Amazon Web Services (AWS) is investigating artificial intelligence search startup Perplexity AI for allegedly violating AWS terms of service by scraping website content in an attempt to prevent it from doing so. Perplexity AI is valued at $3 billion and is backed by the Jeff Bezos Family Foundation and Nvidia. The investigation has triggered widespread concern about the way AI companies obtain data, involving disputes over Robots exclusion agreements, copyright issues and the role of third-party service providers. The subsequent development of the incident will have a profound impact on the data acquisition regulations and ethics of the artificial intelligence industry.
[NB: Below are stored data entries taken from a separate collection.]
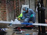 After the crime scene was set up, officers were pictured combing through discarded items on the street – including a black shoe, clothes and a bright green bag.
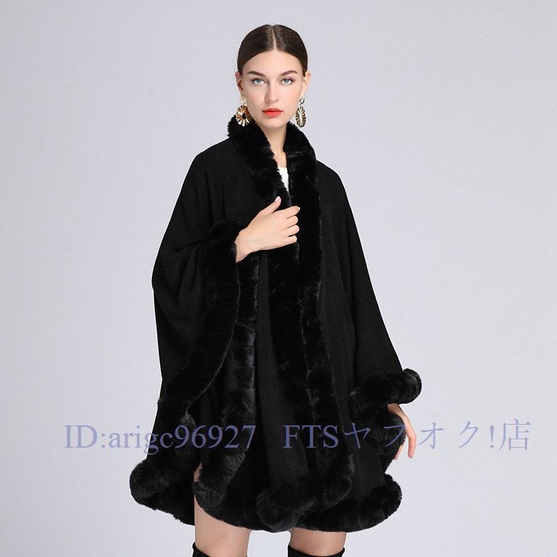 - A6495☆新品冬新品 ふわふわポンチョコート レディース マントコート 上質フェイクファーカシミヤニットカーディガン 黒
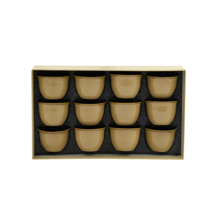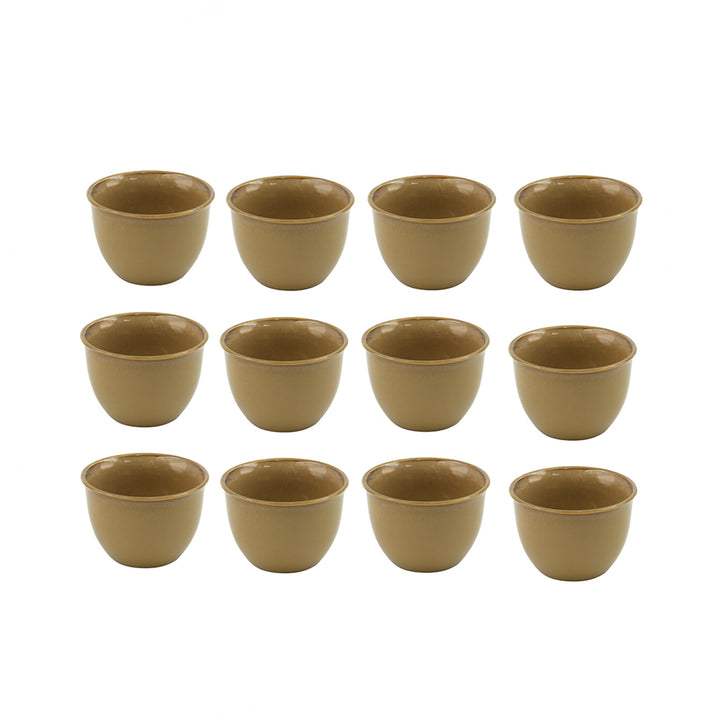 The SC3689 Porcelain Cawa Cup Set combines timeless Arabic hospitality with contemporary design. This 12-piece set features beautifully crafted cawa cups in a smooth, glossy beige finish that exudes warmth and sophistication. Each cup is designed with a comfortable grip and rounded lip for a perfect sip experience. Ideal for serving Arabic coffee, espresso, or tea, this set adds an elegant charm to any gathering or special occasion.
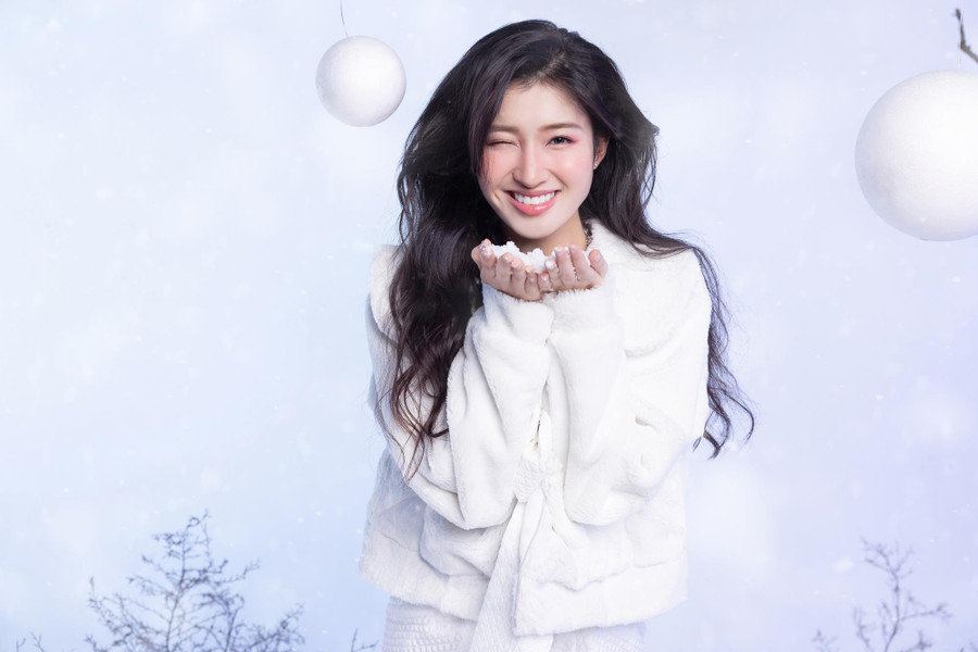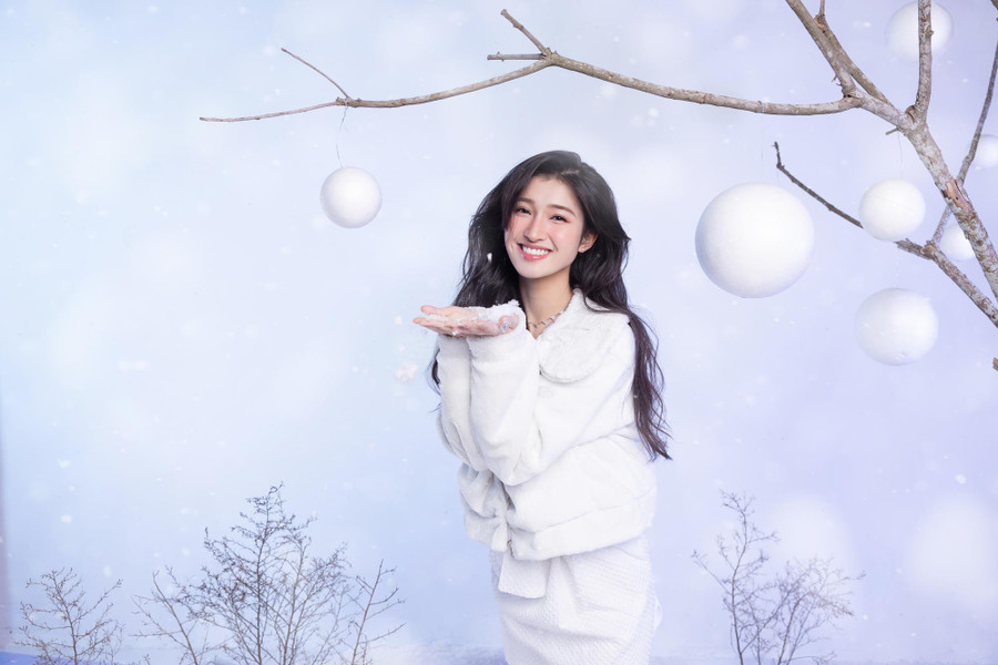 | Nàng hậu sinh năm 2002 khoác trên mình bộ trang phục mùa đông vô cùng trẻ trung, năng động trong không gian tràn ngập tuyết rơi lãng mạn. |
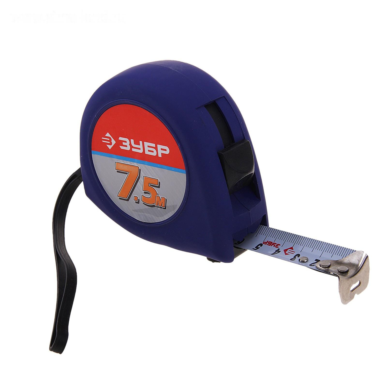 Рулетка ЗУБР "КОМФОРТ", корпус с резиновым напылением, 7,5мх25мм
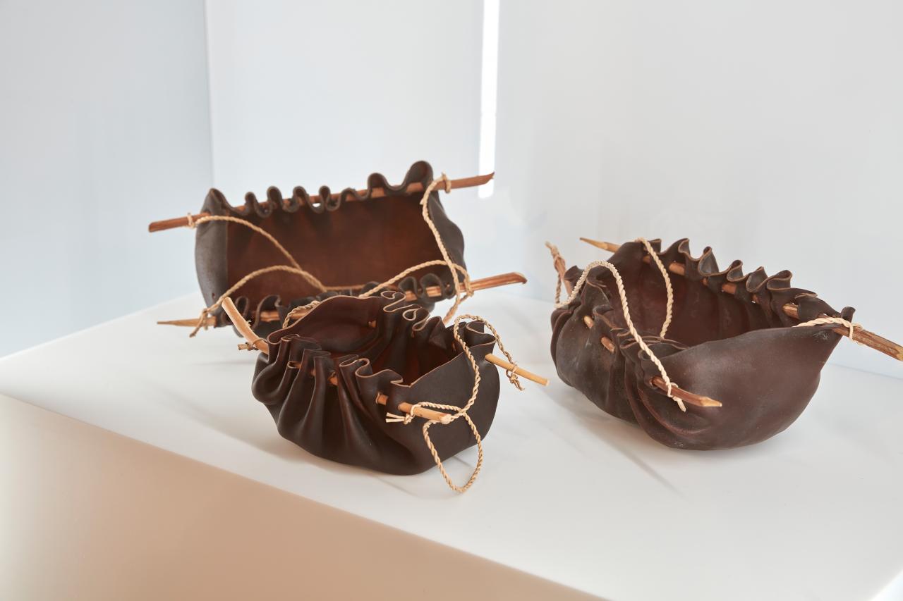PROJECT Reflection 2020 presents a group of nine kelp sculptures that pay homage to the nine traditional (pre-invasion) nations of Tasmania and are Vicki West’s contemporary re-interpretation of traditional vessels. In these works, she uses her wealth of acquired knowledge to reflect the traditional, material and customary practices of her ancestral family in north eastern Tasmania: the Trawlwoolway people.

Amazon Web Services (AWS) is investigating artificial intelligence search startup Perplexity AI for allegedly violating AWS terms of service by scraping content from websites that tried to prevent it from doing so, Wired reports.
Perplexity AI, a startup backed by Jeff Bezos' family foundation and Nvidia, was recently valued at $3 billion. Wired found that the company appears to rely on scraping content from websites that are blocked through the Robots exclusion agreement. The Robots Exclusion Protocol is a web standard that indicates which pages should not be accessed by automated robots and crawlers. While the agreement is not legally binding, most companies have traditionally abided by it.

An AWS spokesperson said the company's terms of service prohibit customers from using its services to conduct any illegal activities, and customers are responsible for complying with the terms and all applicable laws. AWS customers must adhere to the robots.txt standard when crawling websites.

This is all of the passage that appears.